The remainder of the article is organized as follows. The
research problem is defined in detail. We formulate the decision making problem and present the proposed method. Then
we describe the simulation of the proposed approach, followed
by our conclusions and suggestions for future works.
In this article, we consider the decision making problem of a
single fog node in emergency cases about transmission rates of
various IoT devices in a smart city as a smart environment. This
smart city’s network has a fixed and limited total bandwidth,
supports high video traffic, and includes several IoT devices
with predefined priorities connected to a single fog node to
which they send their data. The amount of the primary bandwidth that they are allowed to use for transferring data to the
fog node, their amount of required additional bandwidth in
sudden and emergency situations, and their priorities on the
basis of their locations are fixed and predefined by the smart
city management system.
We have considered a single type of camera device among
different categories of IoT devices in a smart city, which can
monitor a smart city with crowded main highways. Although
the camera devices can adjust their quality of capturing video, it
is not necessary to transfer high-quality videos to the fog node
in normal situations. In contrast, in emergencies, the fog node
should prepare the required extra bandwidth for the involved
cameras to receive sufficient data with better quality for further
analyses of events that have caused the emergency situations.

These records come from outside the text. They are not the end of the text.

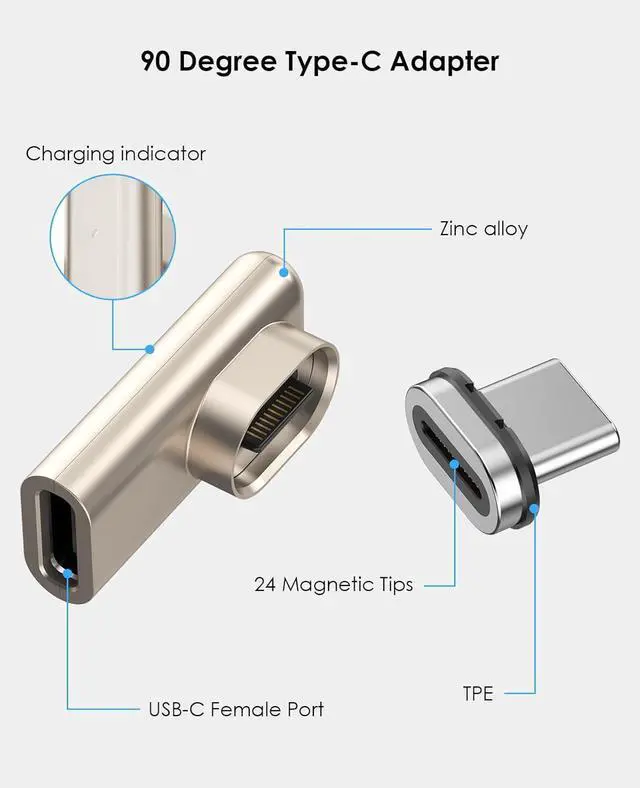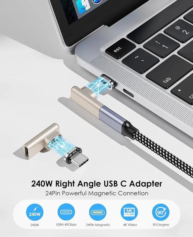 USB C Adapter: The 24-pin 90-degree USB-C Male to USB-C Female Adapter features an innovative magnetic design that reduces wear and tear on your notebooks port from frequent plugging and unplugging. With 24 gold-plated pins it offers a larger contact surface for a more stable and reliable connection compared to traditional 11-pin adaptersFast 40Gbps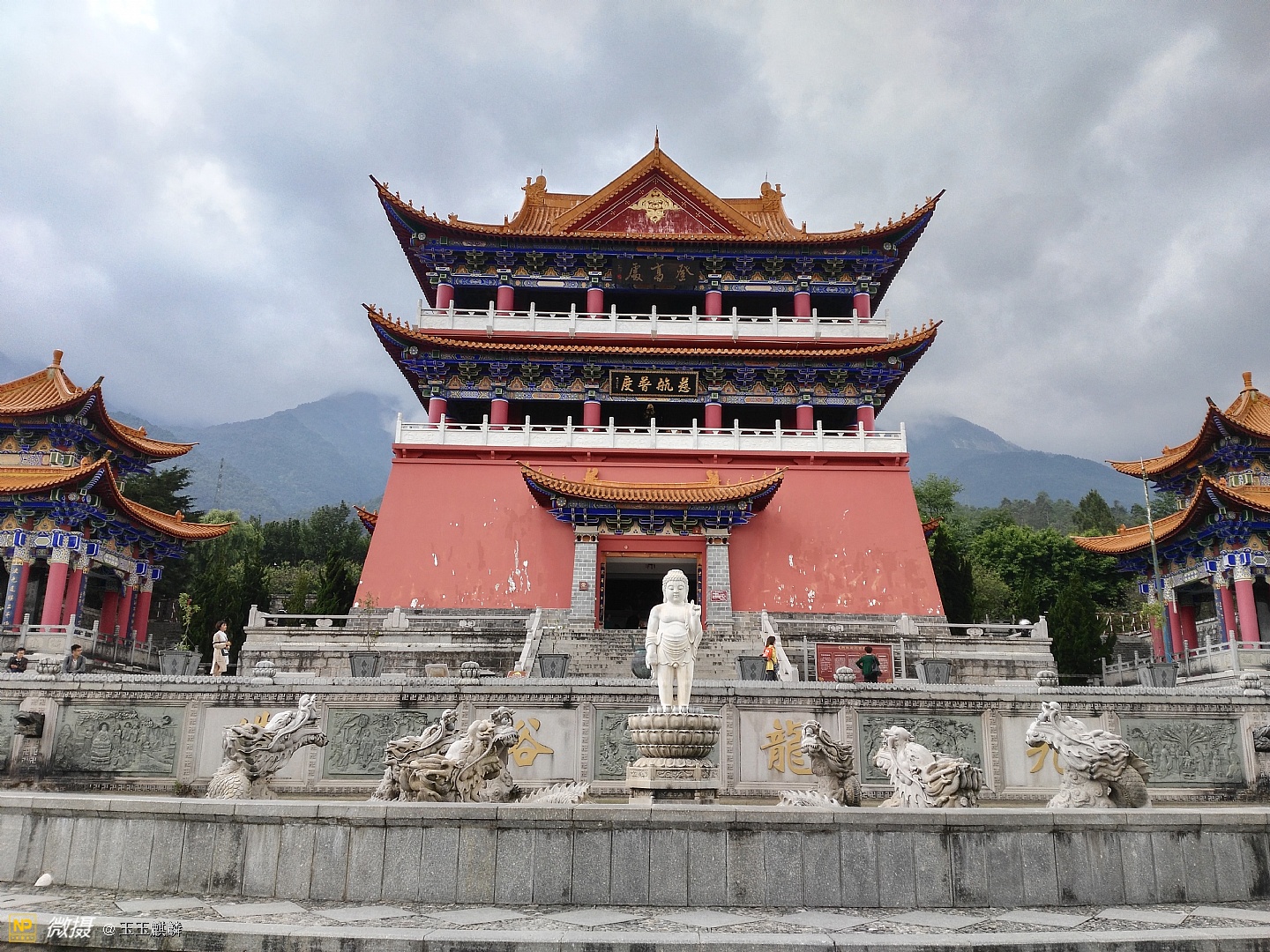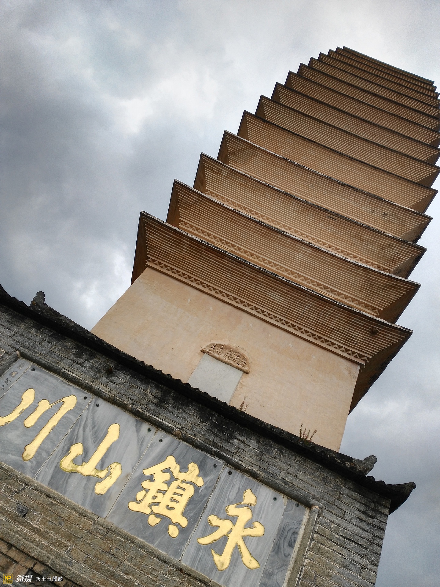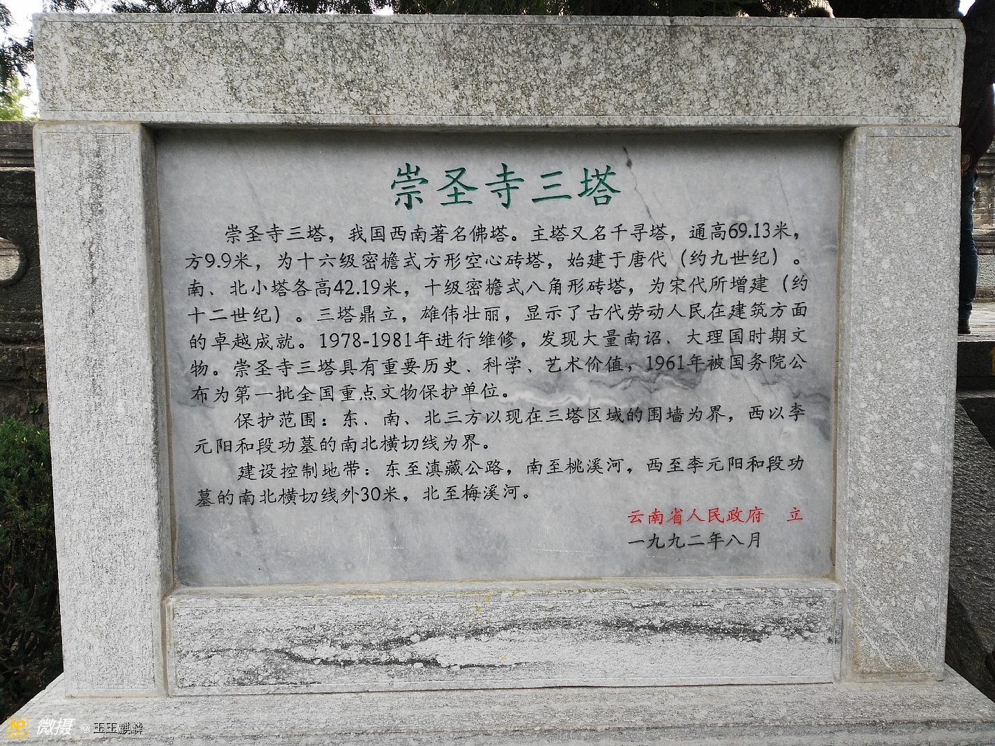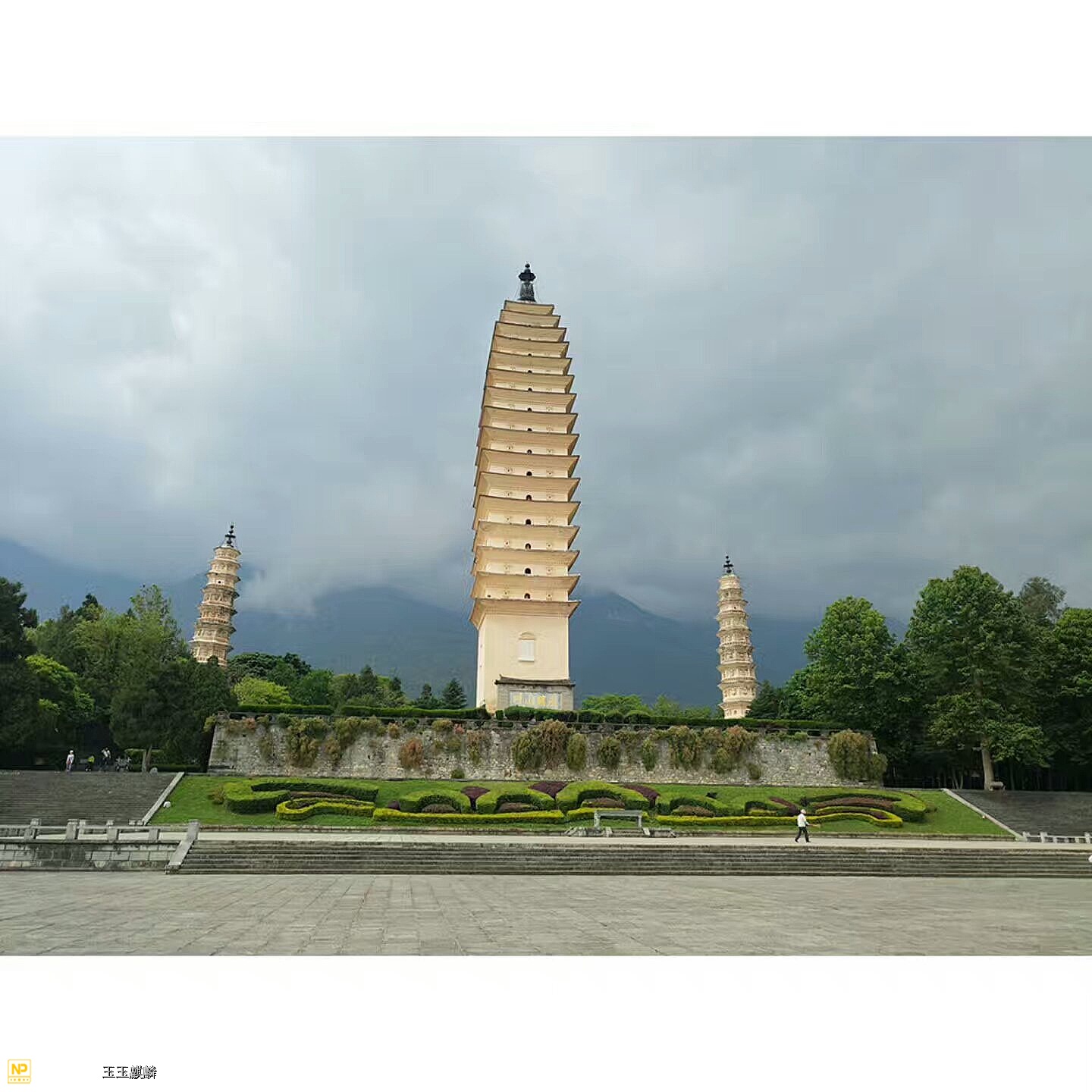 大理崇圣寺三塔位于大理以北1.5千米苍山应乐峰下,背靠苍山,面临洱海,三塔由一大二小三座佛塔组成,大塔叫千寻塔。千寻塔与南北两个小塔的距离都是70米,呈三足鼎立。远远望去,雄浑壮丽,是苍洱胜景之一。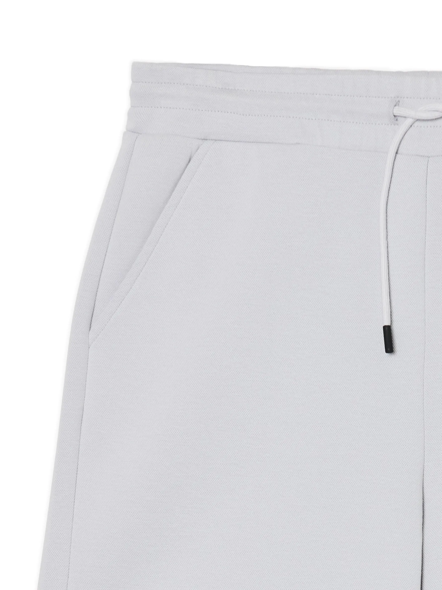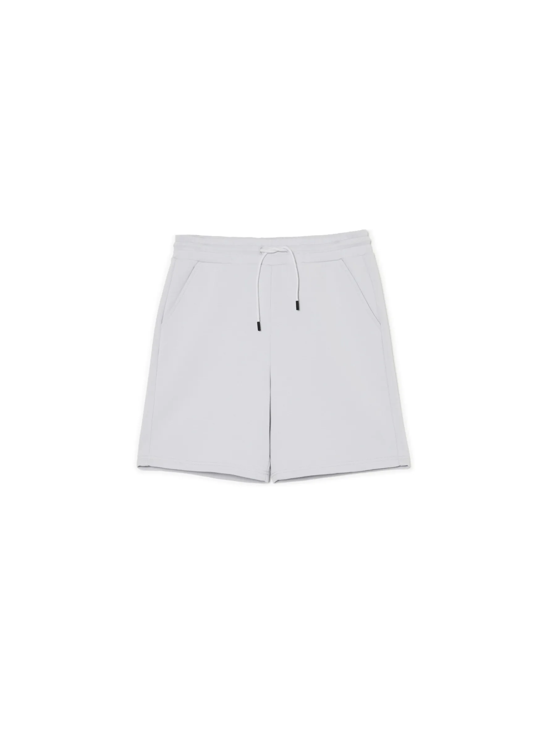 Dresowe spodenki męskie, uszyte z mieszanki dzianin z bawełną w jasnoszarym kolorze. Wyposażone w praktyczne kieszenie i wygodną gumkę w pasie nadają się do każdego typu aktywności. dzianinowy materiał z bawełną regularny stan gumka w pasie ze sznurkiem do regulacji długość do kolan dwie kieszenie z przodu naszywana kieszeń z tyłu Wzrost modela: 185 cm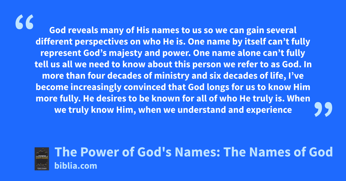God reveals many of His names to us so we can gain several different perspectives on who He is. One name by itself can’t fully represent God’s majesty and power. One name alone can’t fully tell us all we need to know about this person we refer to as God. In more than four decades of ministry and six decades of life, I’ve become increasingly convinced that God longs for us to know Him more fully. He desires to be known for all of who He truly is. When we truly know Him, when we understand and experience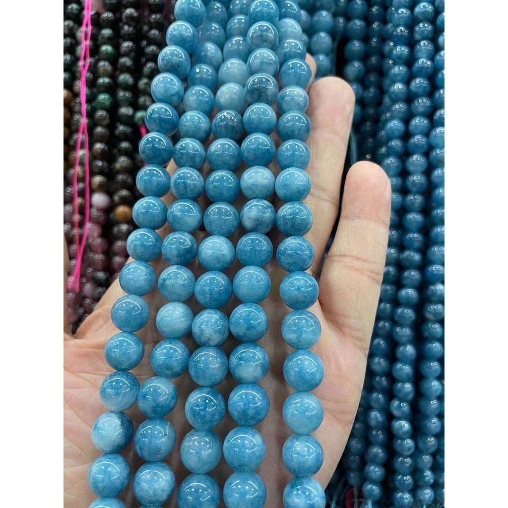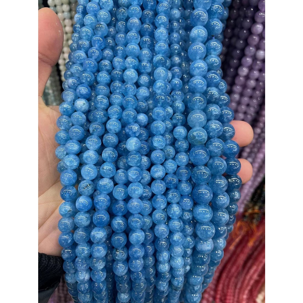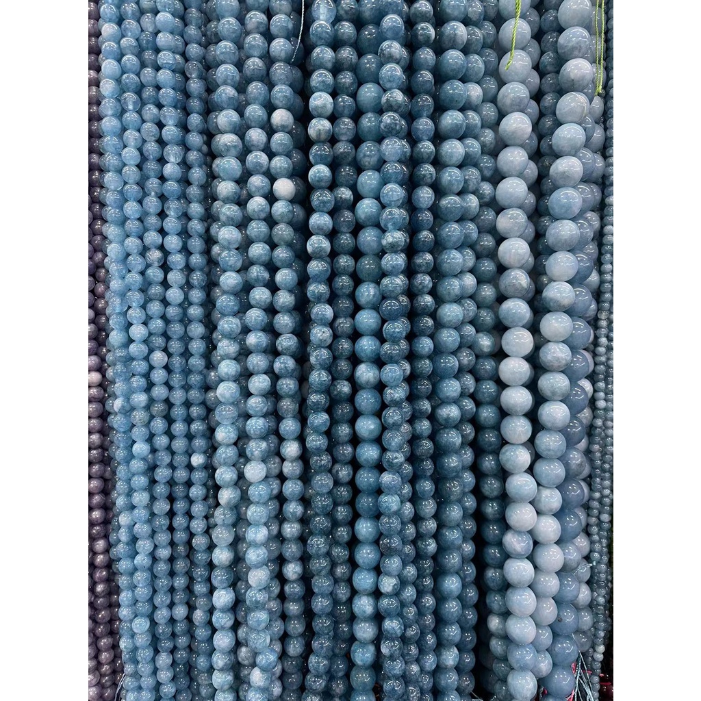 6/8/10mm Natural Aquamarino Pedra Contas Suave Rodada Soltos Spacer Beads Para Fazer Jóias DIY Colar Pulseira 15 "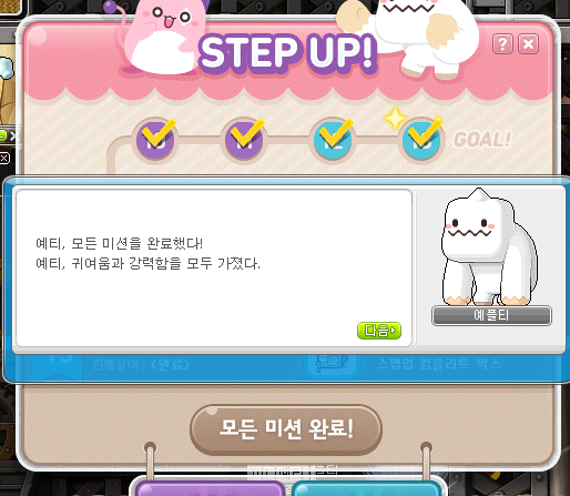 예티 모든 미션을 끝내고 예아 일체를 받았습니다.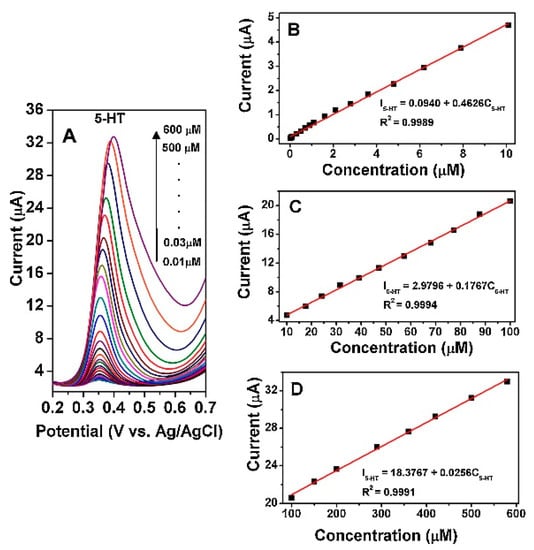 Regarding serotonin (SE) detection, MnO2 nanoparticles have been anchored on graphene (GR) support, yielding MnO2-GR composite with a large surface area, improved electron transport, high conductivity and numerous channels for rapid diffusion of electrolyte ions [133]. Indeed, even if MnO2 is one of the most promising transition MOX for electrochemical applications due to its non-toxicity, environmental compatibility and low cost [134,135], it is characterized by relatively poor electrical conductivity.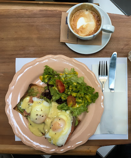 Friendly atmosphere and nice vibe. The vintage decor takes you back some years! Very cozy to sit and enjoy the music that seems carefully selected and with taking care off the sound quality. Coming to the food now. Since I went there for brunch, I ordered poached eggs on bread with avocado paste and smoked salmon. It comes with green salad on the side. I can say I enjoyed it but it really was quite salty for my taste, taking in consideration that I like salty food. It could have been spotless if not with so much salt. The single variety cappuccino that I ordered was good but not something special. I would give 4 stars but I give 2 because of one thing, and that’s allowing smoking indoors. Starting to smell cigarette smoke and seeing the waiter smoking just by the bar, made me and my wife leave earlier than...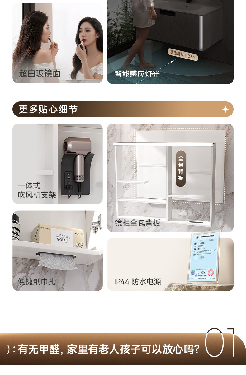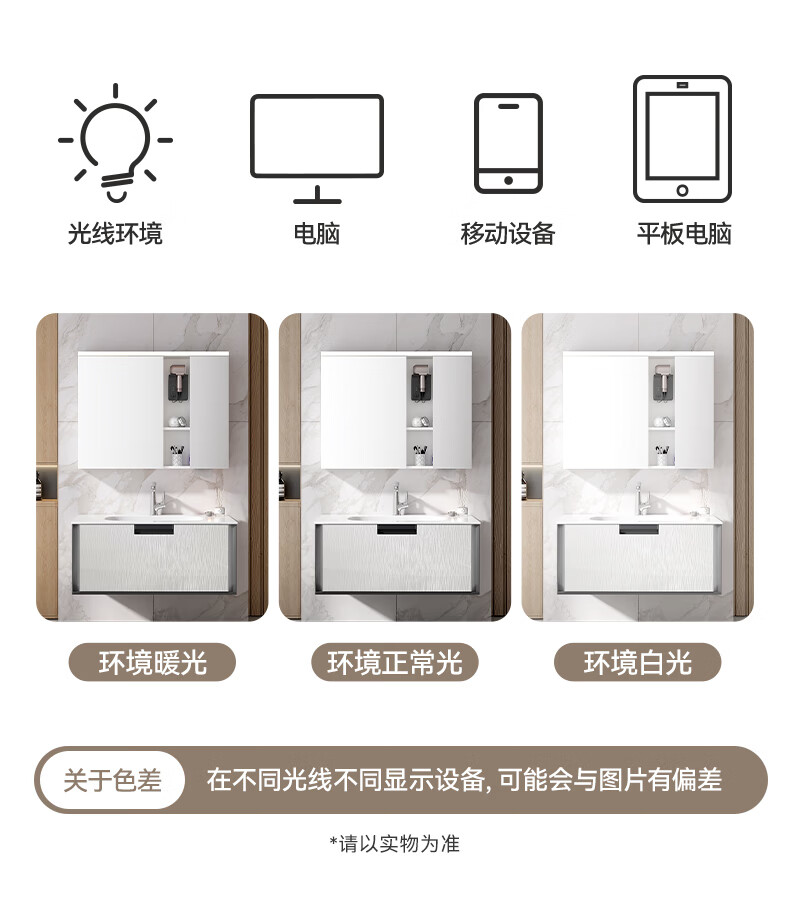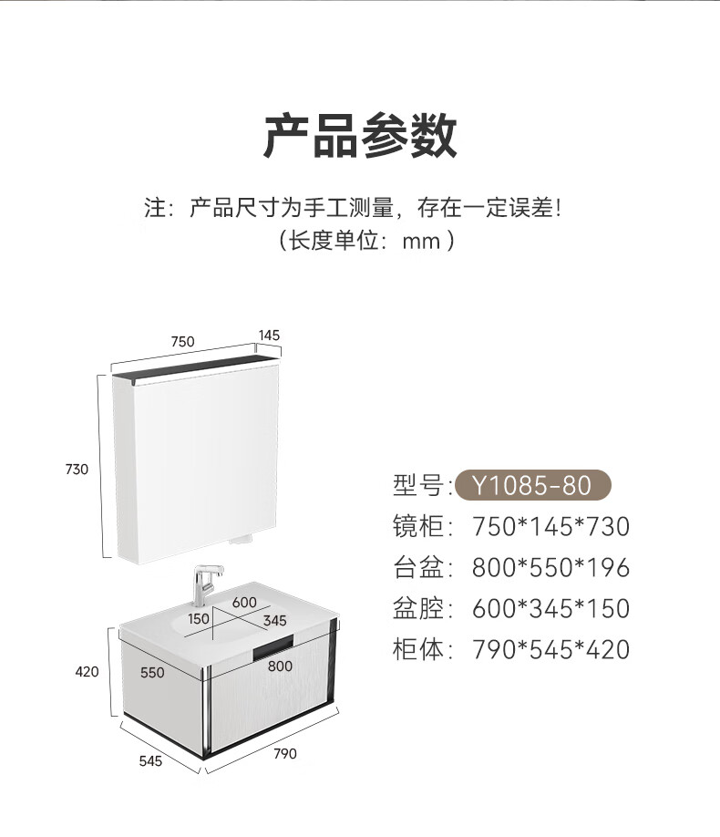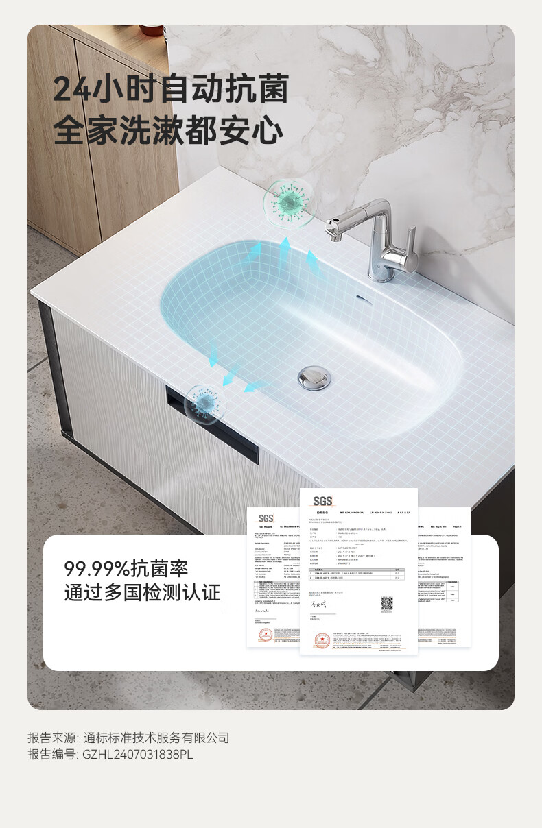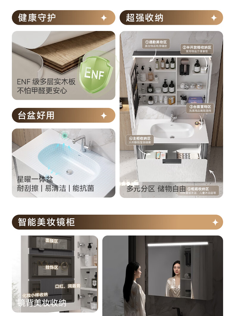 瑞尔特(R&T)浴室柜组合星曜一体盆ENF级环保卫生间洗脸洗漱台盆柜免费送装 ENF级环保多层实木-Y1085 80cm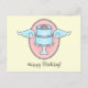 This cake is about to fly away to take your wishes to the skies, where they can come true. In the centre of a pink, scalloped edge frame is the design of a two tiered cake, with blue frosting, white Swiss dots, and three roses on top, sitting on a cake pedestal. Kawaii, chibi like wings are placed on both sides of the cake. Great for birthday's but could be used for other special occasions.

If a large event covered a wide area of the smart city and
numerous devices got into emergency situations, the low-priority
devices, placed at unimportant locations, are responsible to help
high-priority devices with their own bandwidth in order to prevent the smart city’s network failure. We have classified the IoT
devices connected to our scenario’s fog node into three types:
1. IoT devices with the lowest priority. When these devices have
sufficient bandwidth, they are always candidates for helping
emergency devices. Furthermore, these devices never meet
emergency situations on the basis of their locations in the
2. Main devices with the highest priority that can never help
emergency devices should always be in active mode.
3. IoT devices whose priorities are not the lowest or the highest. When they are not in emergency situations and have
sufficient required bandwidth, they can help the emergency
We have considered a feasible device set (helping candidate
set) that includes type 1 and 3 devices with normal situations
and enough available bandwidth for lending to the current
needy device by the amount that it needs.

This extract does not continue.